_Stored data:_
- - - - -

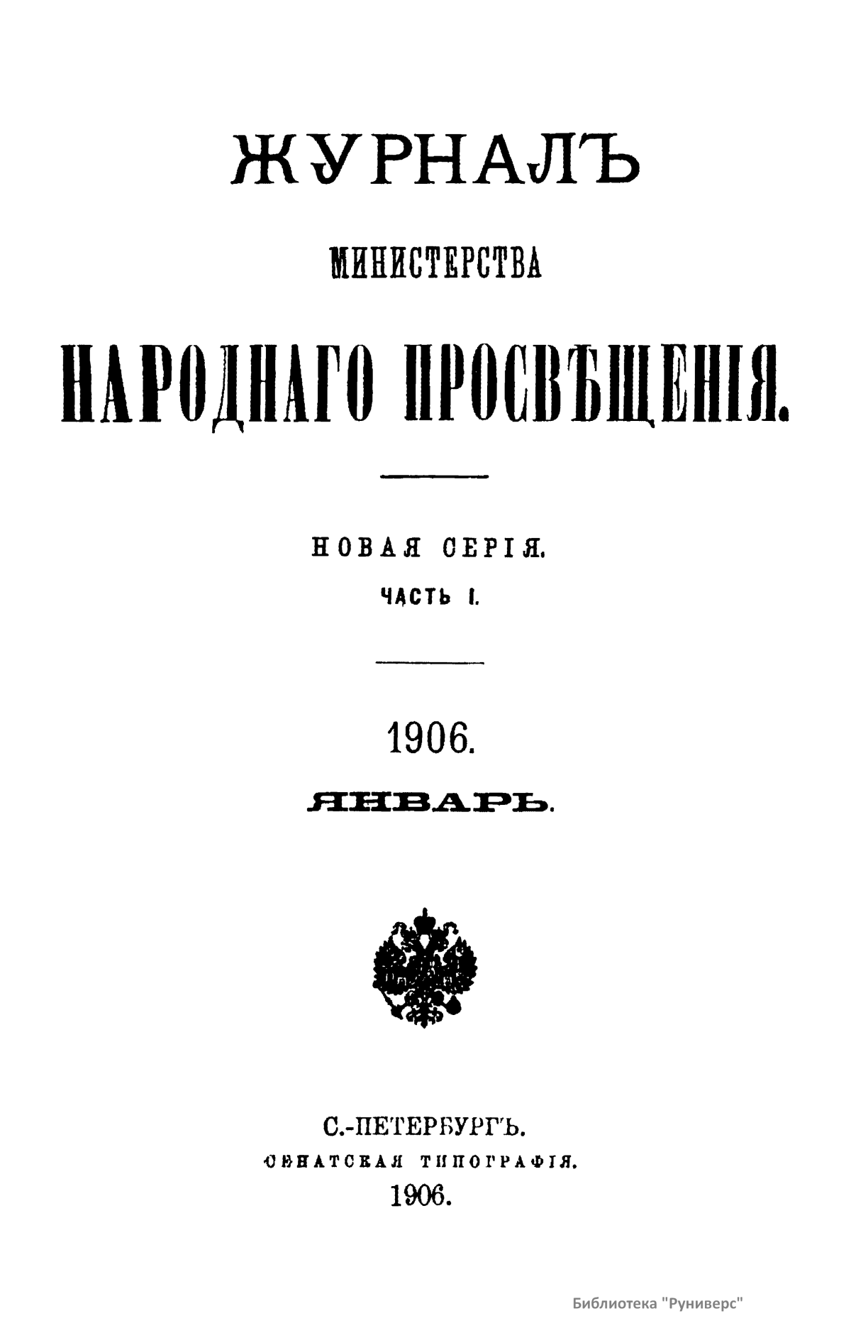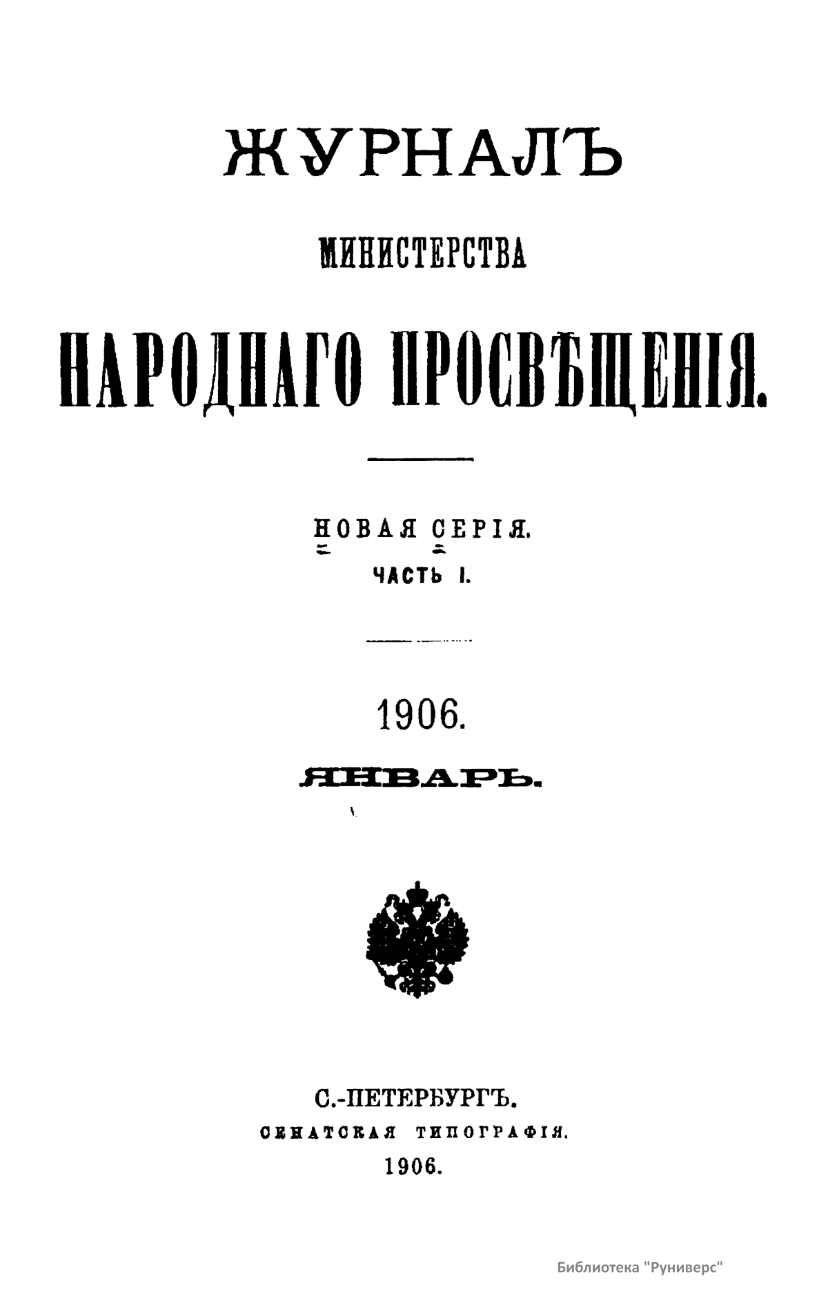 Журналъ Министерства народнаго просвѣщения. Новая серiя. Часть I
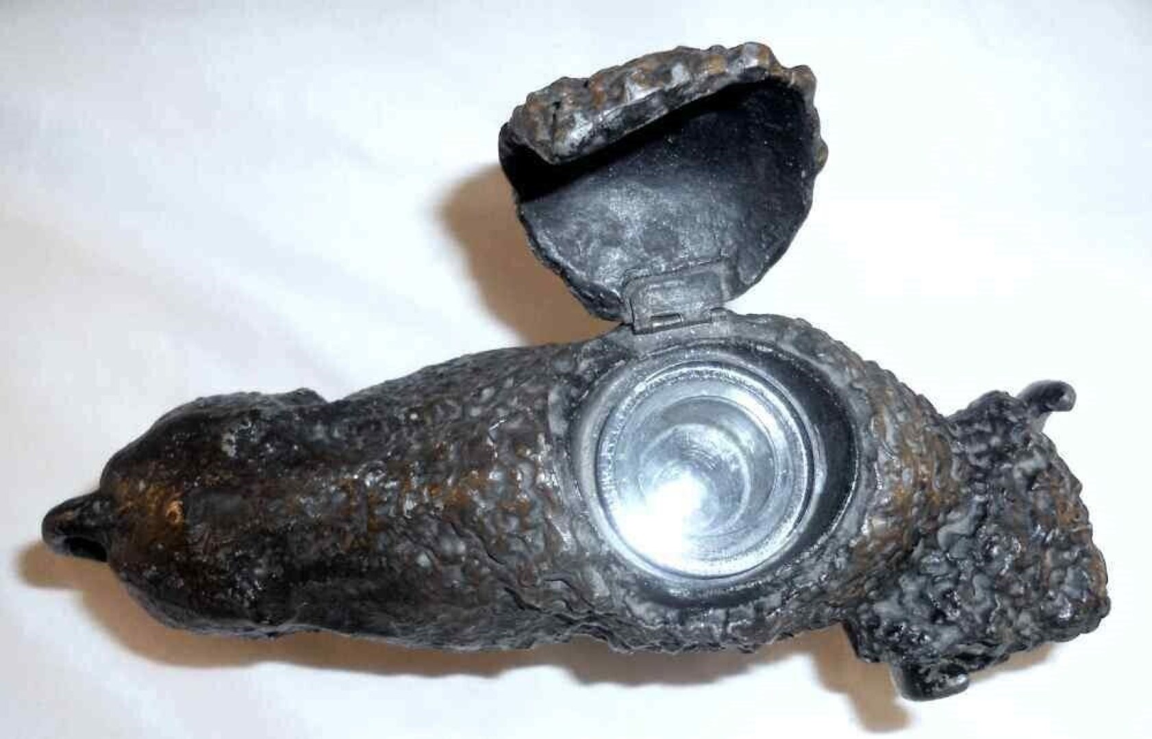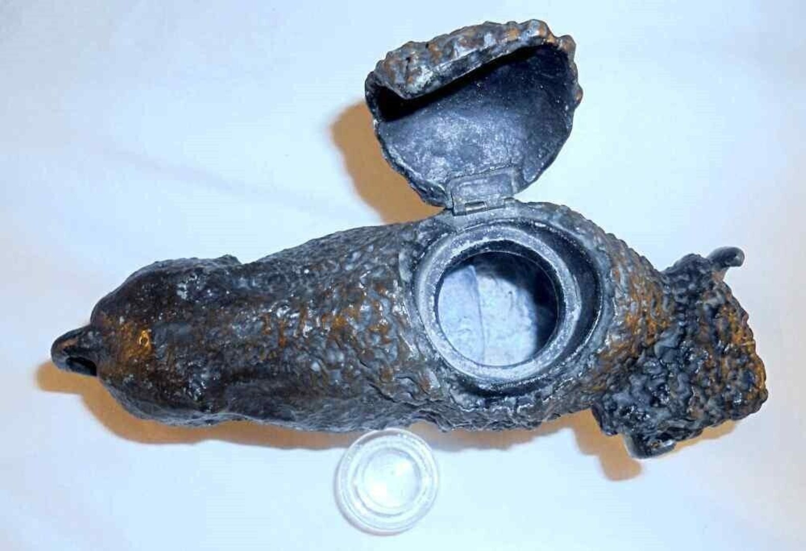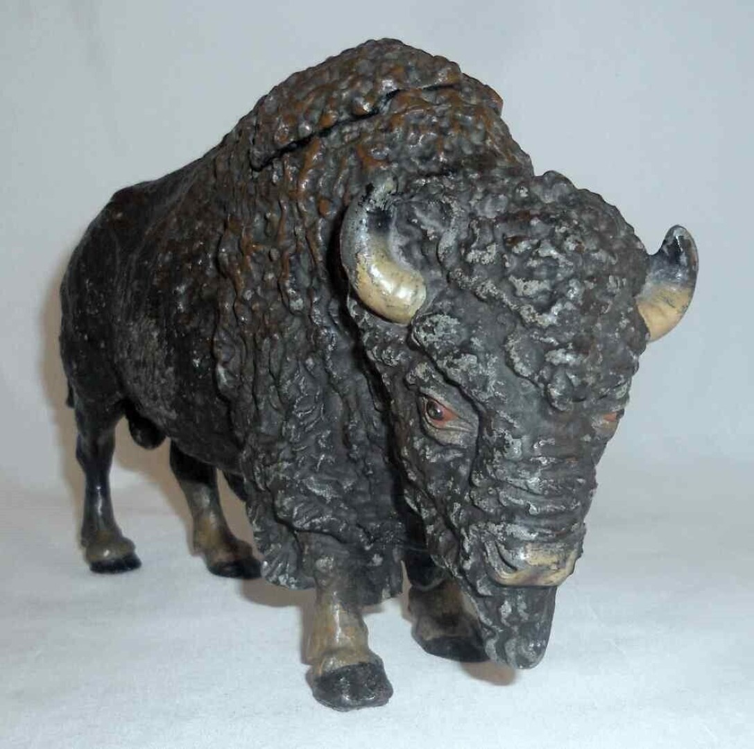 Standing with its head down, cocked to the side, this cold-painted metal Buffalo looks majestic. There’s nice detail to his hide, the horns, the eyes and mouth. The bison’s hump is hinged and opens to access the inkwell.
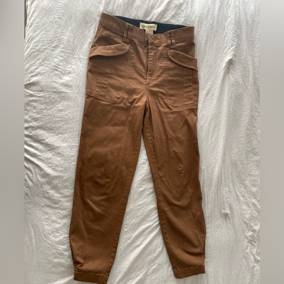 Cargo pants with an elastic waist, pockets. Never worn, size 2 but run big (size 4).
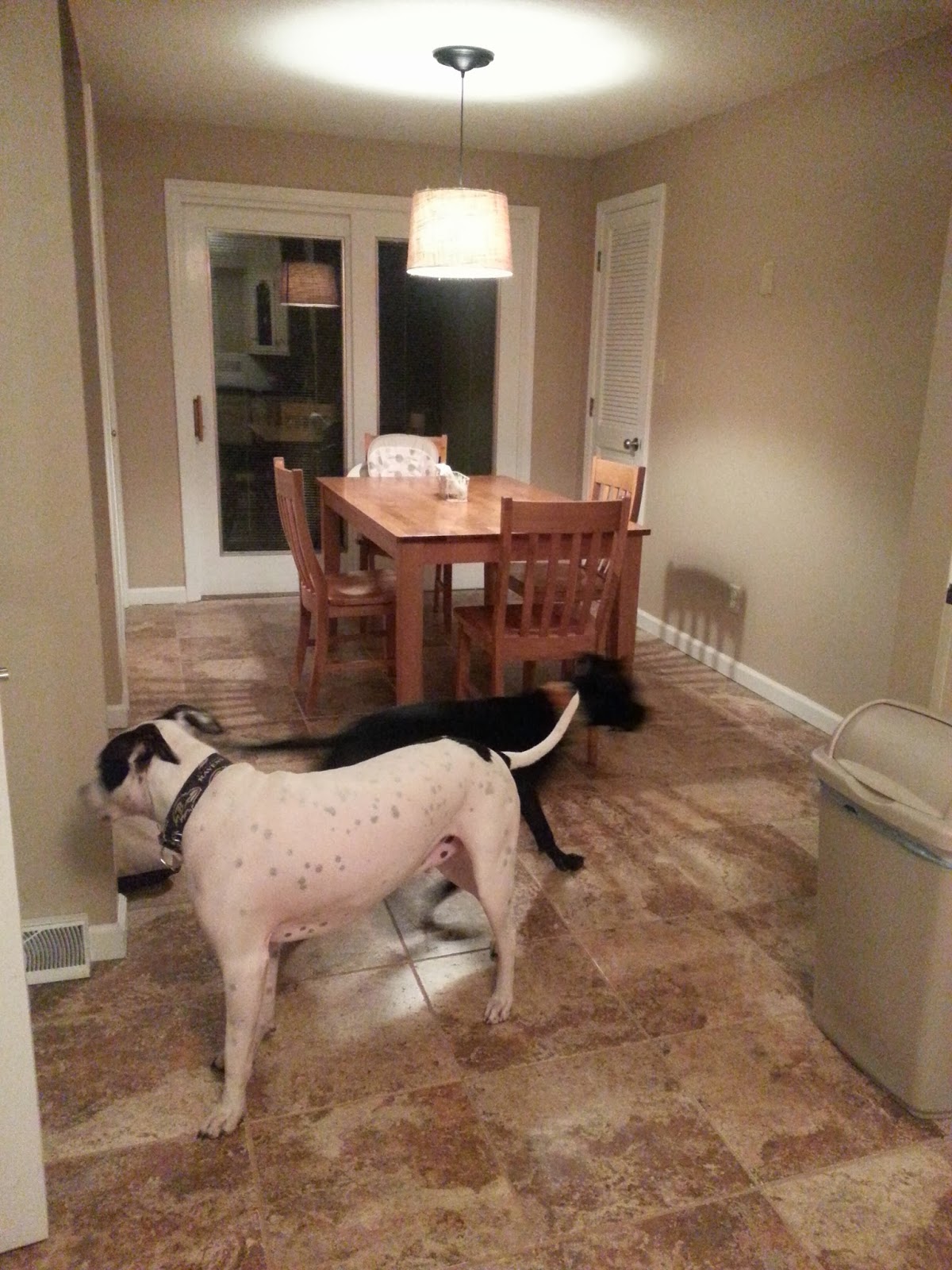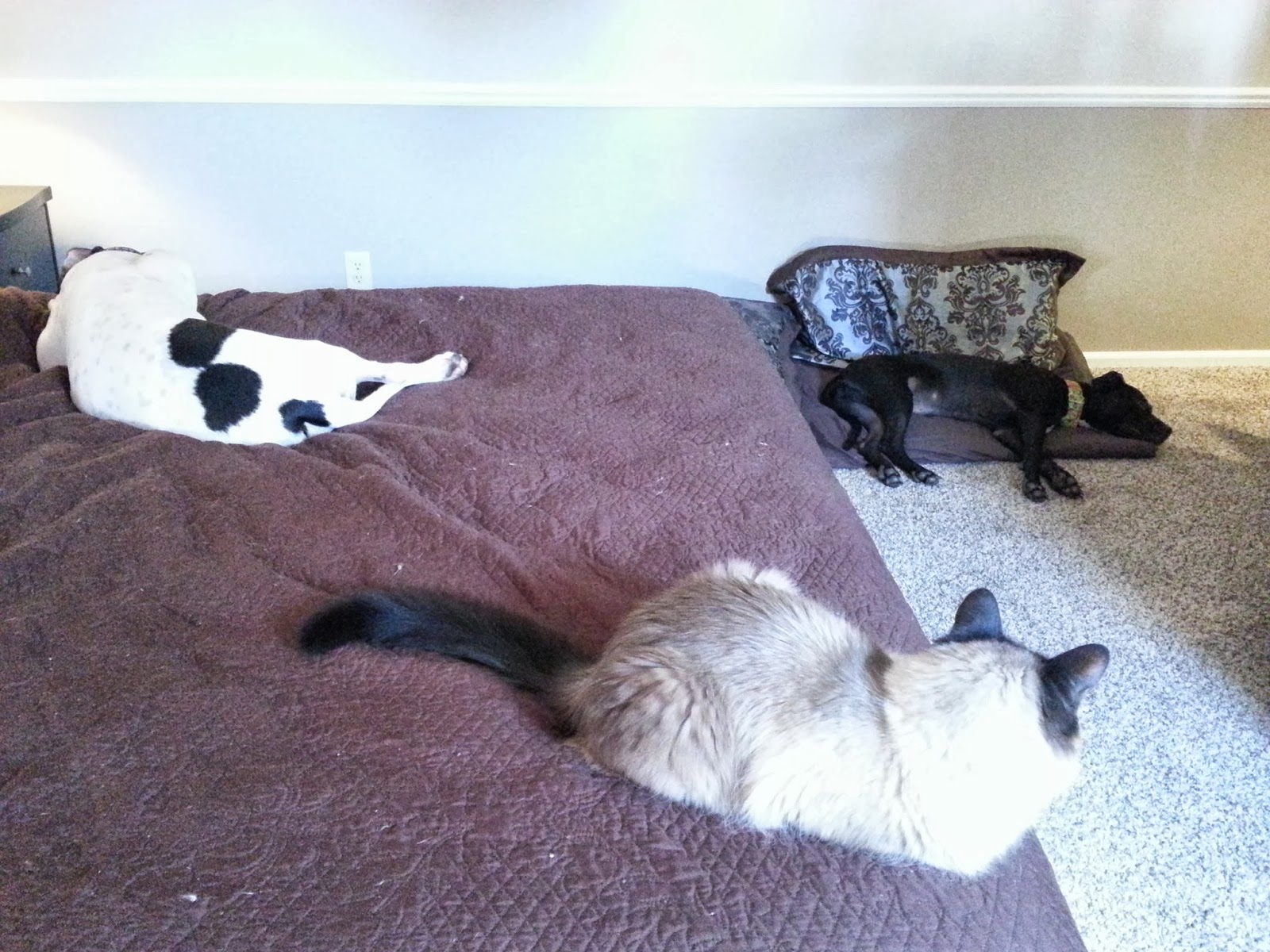 At this house, Juli-bean still has a crate set up but that is now only for the work day and we started off with both boys sleeping in our room. It worked out better than we had hoped for at first. Julius had a little area on the floor that he nestled into and Ray slept on the bed with us.

- - - - -

_Required work:_ In the copy, include no pictures, but repeat the listing exactly.

_Written response:_
 Журналъ Министерства народнаго просвѣщения. Новая серiя. Часть I
 Standing with its head down, cocked to the side, this cold-painted metal Buffalo looks majestic. There’s nice detail to his hide, the horns, the eyes and mouth. The bison’s hump is hinged and opens to access the inkwell.
 Cargo pants with an elastic waist, pockets. Never worn, size 2 but run big (size 4).
 At this house, Juli-bean still has a crate set up but that is now only for the work day and we started off with both boys sleeping in our room. It worked out better than we had hoped for at first. Julius had a little area on the floor that he nestled into and Ray slept on the bed with us.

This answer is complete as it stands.